While South Africa runs a trade deficit with the rest of the world, its relations with neighbouring countries are increasingly profitable. Over the past two decades, the trade surplus with the rest of Africa has grown steadily, from just R6.3 billion in 1994 to R41bn last year, according to Shireen Darmalingam, an economist at Standard Bank.
In a report on trade with the continent, Darmalingam said: “A total of R123bn worth of exports made its way to the rest of the continent in 2012, compared with R8.9bn in 1994 and R98.8bn in 2008. The bulk of revenue was generated by machinery and mechanical appliances, which contributed R25bn of the total revenue. Exports of this category have historically been the highest-generating export category.”
She identified South Africa’s biggest markets on the continent as Zambia, Mozambique and Zimbabwe.
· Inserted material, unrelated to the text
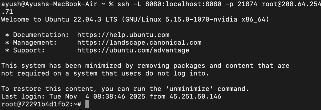 ssh -L 8080:localhost:8080 -p 18685 root@Your_VM_IP

Exports to Zambia last year were worth just more than R20bn, with nearly 80 percent made up of machinery and mechanical appliances, base metals, chemical products, vehicles, aircraft and vessels, and mineral products.
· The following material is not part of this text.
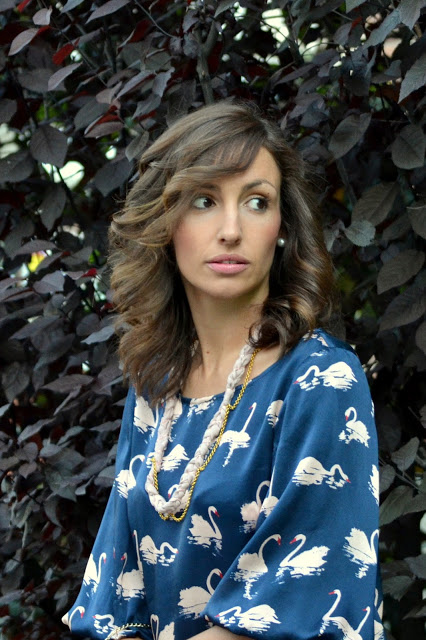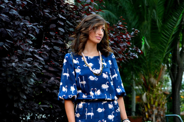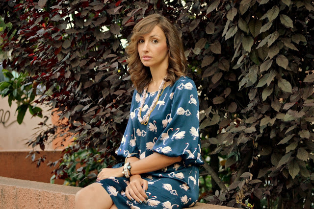 Y seguimos con la temática de los animalitos, hoy toca cisnes. El estampado de este vestido de Dolores Promesa me parece sencillamente una pasada, es elegante, a la vez que sencillo pero llamativo, no se, lo vi y me enamoré 🙂 Y para combinarlo me puse mis peeptoes rosa palo de Nine West que ya habéis visto en alguna otra ocasión, un colgante de Triana by c en los mismos tonos y un bolsito de Strena.

Exports to Mozambique were valued at R18.9bn, with the biggest contribution, R4.7bn, coming from mineral products, she said. Zimbabwe bought goods worth R18.6bn, the major category being machinery and mechanical appliances to the value of R3.5bn, according to Darmalingam.
She noted that growth in exports to Africa had fluctuated in post-apartheid South Africa, with average annual growth from 1994 to last year at about 17.4 percent year on year.
“Import growth from Africa has also been stellar, with growth averaging 26.7 percent in the period 1994 to 2012.”
She noted South Africa’s import footprint in Africa had changed significantly over the past two decades.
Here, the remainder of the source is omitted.